Deer a possible source of "mad cow like" disease

A University of Kentucky researcher has warned that eating deer could put people at risk of a disease similar to bovine spongiform encephalopathy (BSE) commonly known as mad cow disease.

Chronic wasting disease (CWD) is a transmissible spongiform encephalopathy (TSE), and has been found in deer and elk across the U.S. west and midwest and in parts of Canada.

It is unclear how it spreads.

The researchers say the muscles of deer affected by a mad cow-like disease carry the infectious prions that spread the illness, which means that venison could potentially spread the agent to humans.

They say leg muscle tissue taken from mule deer with chronic wasting disease (CWD) infected specially bred mice when they were injected with the tissue, and although this is not saying that the venison was infectious, researcher Glenn Telling of the University of Kentucky says the study shows it could be.

Telling has apparently voiced a reluctance on his part, following the study, to eat venison from areas where chronic wasting disease is endemic.

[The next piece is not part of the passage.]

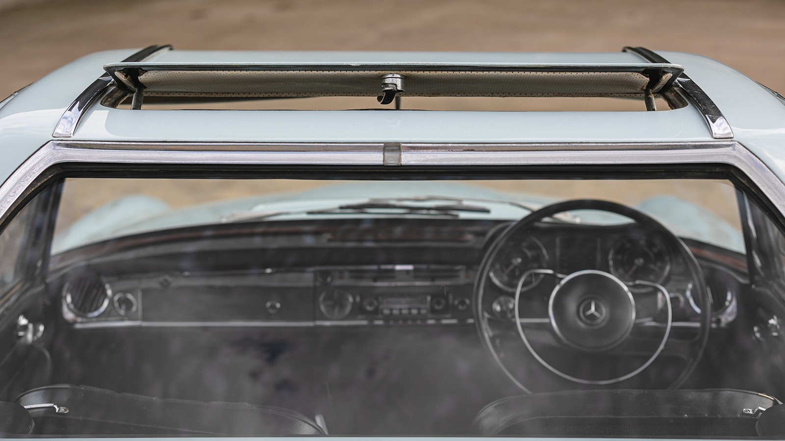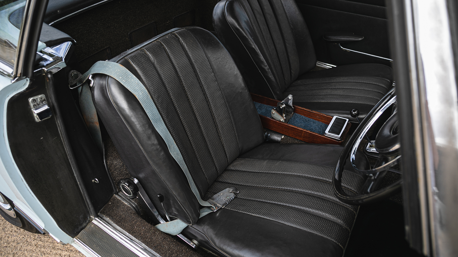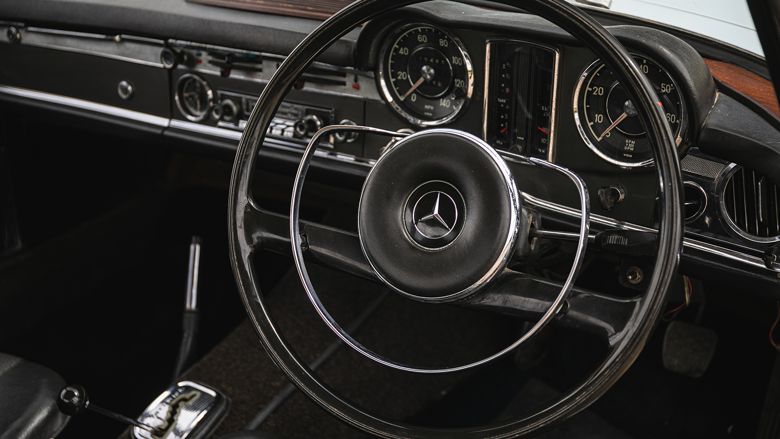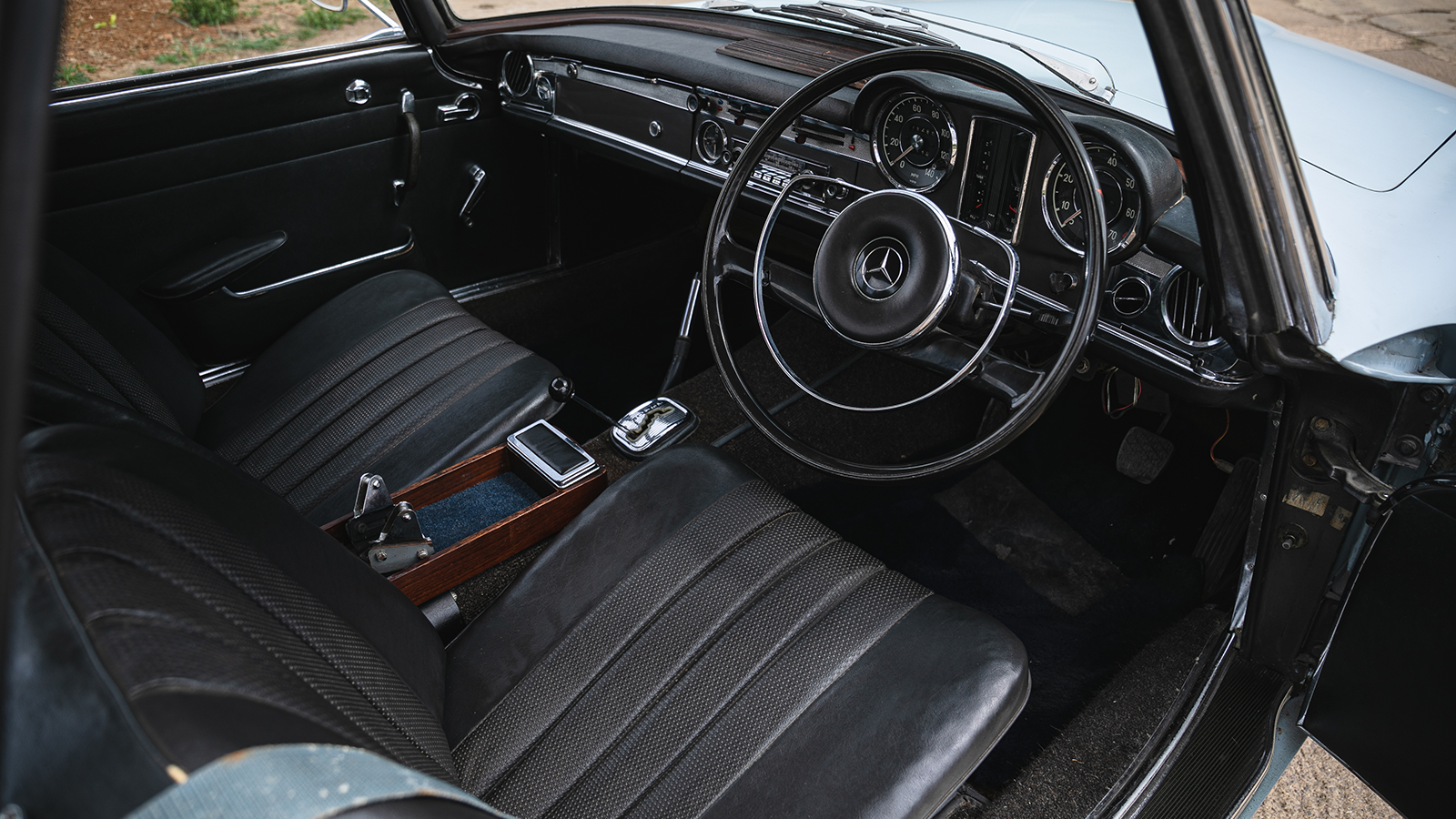 In this case, under the bonnet was a specially fitted M129 engine from a 250SE, because the right-hand-drive 250SL didn’t arrive until 1967.

Chronic wasting disease is a transmissible spongiform encephalopathy (TSE), and belongs to a family of diseases that includes scrapie in sheep, bovine spongiform encephalopathy (BSE), or mad cow disease, in cattle and Creutzfeldt-Jakob disease (CJD) in people.

This insidious disease gradually destroy the brain and is always fatal and is caused by misshapen nervous system proteins called prions.

Despite a lack of evidence that people can catch CWD, following the BSE outbreak in British cattle herds in the 1980s, people became victims of a version of CJD called vCJD, and it has been linked to eating infected beef.

To date in the UK 153 people have died from highly probable or confirmed vCJD and six suspected vCJD patients are still alive.

Veterinary experts have already advised people to use caution when handling deer or elk that may have been infected with CWD.

Although the muscle meat of cattle generally has not been found to carry prions, their brains and certain organs do.

Telling warns that it is difficult to predict how prions will behave when they cross species barriers.

The report is published in the current issue of the journal Science.